*Problem details:* Below are entries. Reproduce exactly the lines between the line holding "- Look good" and the line holding "地铁去往省人民/中山大学附属", inclusive, and only those.
==== Given data
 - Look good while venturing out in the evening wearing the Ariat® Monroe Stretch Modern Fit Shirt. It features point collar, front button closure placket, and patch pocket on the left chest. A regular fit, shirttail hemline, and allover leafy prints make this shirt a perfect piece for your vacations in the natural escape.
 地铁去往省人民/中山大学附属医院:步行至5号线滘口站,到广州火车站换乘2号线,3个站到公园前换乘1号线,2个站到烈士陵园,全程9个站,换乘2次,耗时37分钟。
========
==== Given data
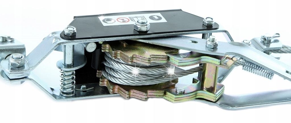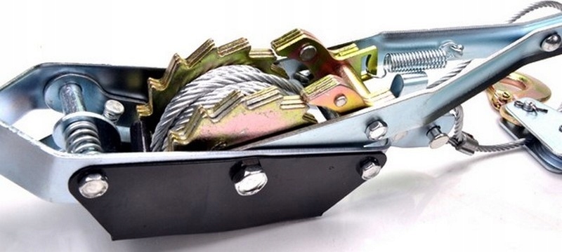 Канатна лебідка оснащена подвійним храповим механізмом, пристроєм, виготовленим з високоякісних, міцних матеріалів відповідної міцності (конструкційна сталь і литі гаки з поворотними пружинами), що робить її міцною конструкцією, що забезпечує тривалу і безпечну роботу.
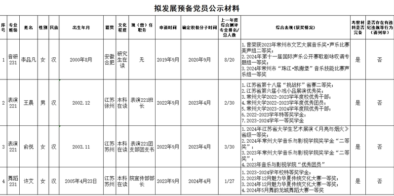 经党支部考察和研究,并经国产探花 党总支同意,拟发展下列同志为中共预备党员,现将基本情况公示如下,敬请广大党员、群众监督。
========
*Response:*
 - Look good while venturing out in the evening wearing the Ariat® Monroe Stretch Modern Fit Shirt. It features point collar, front button closure placket, and patch pocket on the left chest. A regular fit, shirttail hemline, and allover leafy prints make this shirt a perfect piece for your vacations in the natural escape.
 地铁去往省人民/中山大学附属医院:步行至5号线滘口站,到广州火车站换乘2号线,3个站到公园前换乘1号线,2个站到烈士陵园,全程9个站,换乘2次,耗时37分钟。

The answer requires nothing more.